The gist: A new guideline will expand the list of tumor abnormalities that doctors can test for to help their lung cancer patients make treatment decisions. Different drugs have been developed to treat patients with different tumor abnormalities, such as mutations in the ALK and EGFR genes. Molecular testing lets doctors see which abnormalities a patient might have, and suggest the best-fitting treatments. The new guidelines will include recommendations for molecular testing of abnormalities in the  ROS1, MET, ERBB2, RET, NTRK1, ALK, and EGFR genes.

“The College of American Pathologists (CAP), the International Association for the Study of Lung Cancer (IASLC), and the Association for Molecular Pathology (AMP) are teaming to revise the evidence-based guideline, “Molecular Testing Guideline for Selection of Lung Cancer Patients for EGFR and ALK Tyrosine Kinase Inhibitors.”

“The updated guideline will include new recommendations for ALK testing by IHC, ALK-EGFR resistance, and a number of emerging target molecular targets which will include, but is not limited to, ROS1, MET, ERBB2, RET, NTRK1. Multiplexed “Next Generation Sequencing” multigene panels and the reassessment of immunohistochemistry will be reviewed. The role of rebiopsy and repeat analysis in the setting of post-treatment relapse, along with testing of blood samples for mutations in circulating tumor cells, cell free tumor DNA, or exosomes will be considered.

“The revision of the guideline will again be based on evidence from unbiased review of published experimental literature. The revisions will be recommended by an expert panel made up of renowned worldwide leaders in the field. The revision will start in early 2015, taking around 18 months to complete.

” ‘Although only one year has passed since the molecular testing guideline was published, rapid accumulation of scientific knowledge and new evidence in this field indicate that the guidelines should be updated. Thus, an update has begun that includes an expanded list of genes and new methods that are clinically relevant,’ said Yasushi Yatabe, MD, PhD, chief, Department of Pathology and Molecular Diagnostics, Aichi Cancer Center, Nagoya, Japan and IASLC member.”


BIND-014 Being Tested as Treatment for Advanced/Metastatic NSCLC That's Squamous or KRAS+

The gist: The first patient has been enrolled in a clinical trial testing the drug BIND-014 in patients with advanced or metastatic non-small cell lung cancer (NSCLC) that is squamous or has a mutation in the KRAS gene. An earlier clinical trial found promising results for these patients. BIND-014 is a new form of the chemotherapy drug docetaxel. It is meant to home in on cancer cells to deliver chemotherapy directly.

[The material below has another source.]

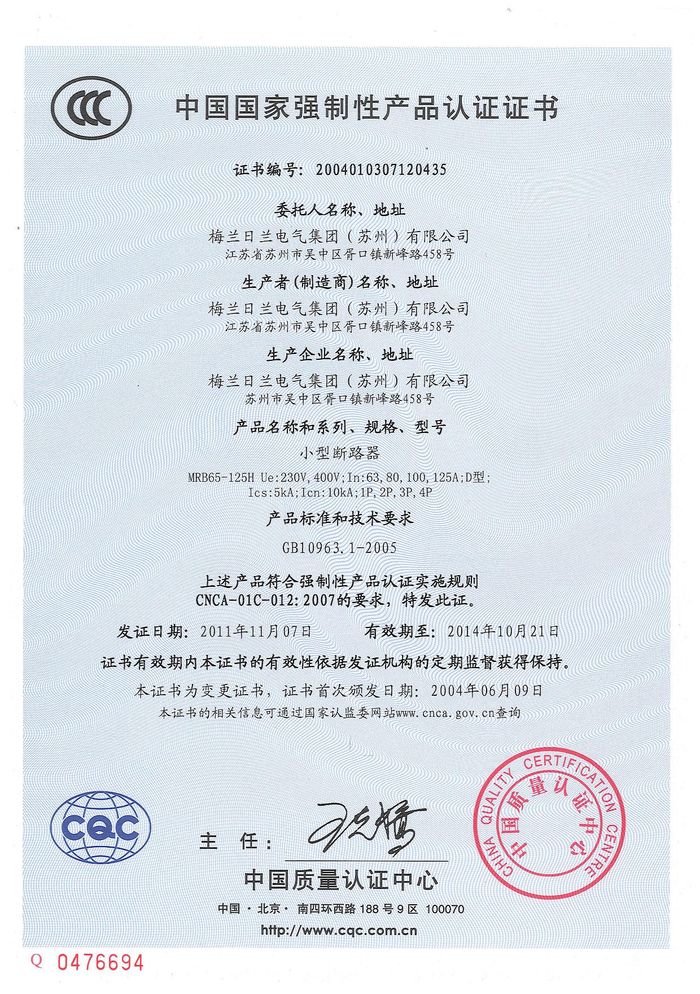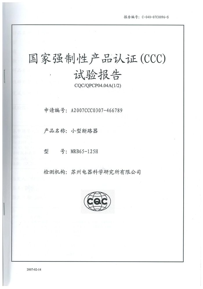 MRB65-125H小型斷路器資質證書

“BIND Therapeutics, Inc. (BIND), a clinical-stage nanomedicine platform company developing targeted and programmable therapeutics called Accurins™, today announced its 2015 strategic overview and enrollment of the first patient expressing a KRAS mutation in a global, multicenter two-tiered phase 2 trial with BIND-014 in non-small cell lung cancer (NSCLC) patients with KRAS mutant tumors (mutated Kirsten ras oncogene homolog) or squamous histology. The trial was driven by positive results from the phase 2 trial in NSCLC presented at the EORTC-NCI-AACR Annual Symposium in Barcelona on November 19, 2014, with a confirmed objective response rate of 22 percent (n=9); one KRAS mutant NSCLC PR was also seen in the phase 1 trial with BIND-014, yielding a combined total response rate of 30 percent (n=10). Results from the phase 2 trial also suggested meaningful differentiation in NSCLC patients with squamous histology when compared to historical docetaxel results. BIND-014 results presented at EORTC-NCI-AACR also demonstrated a disease control rate of 66 percent and overall survival of 11.1 months (n=9) in NSCLC patients with squamous histology. BIND intends to begin accruing NSCLC patients with squamous cell histology in the two-tier phase 2 trial in 1Q 2015.”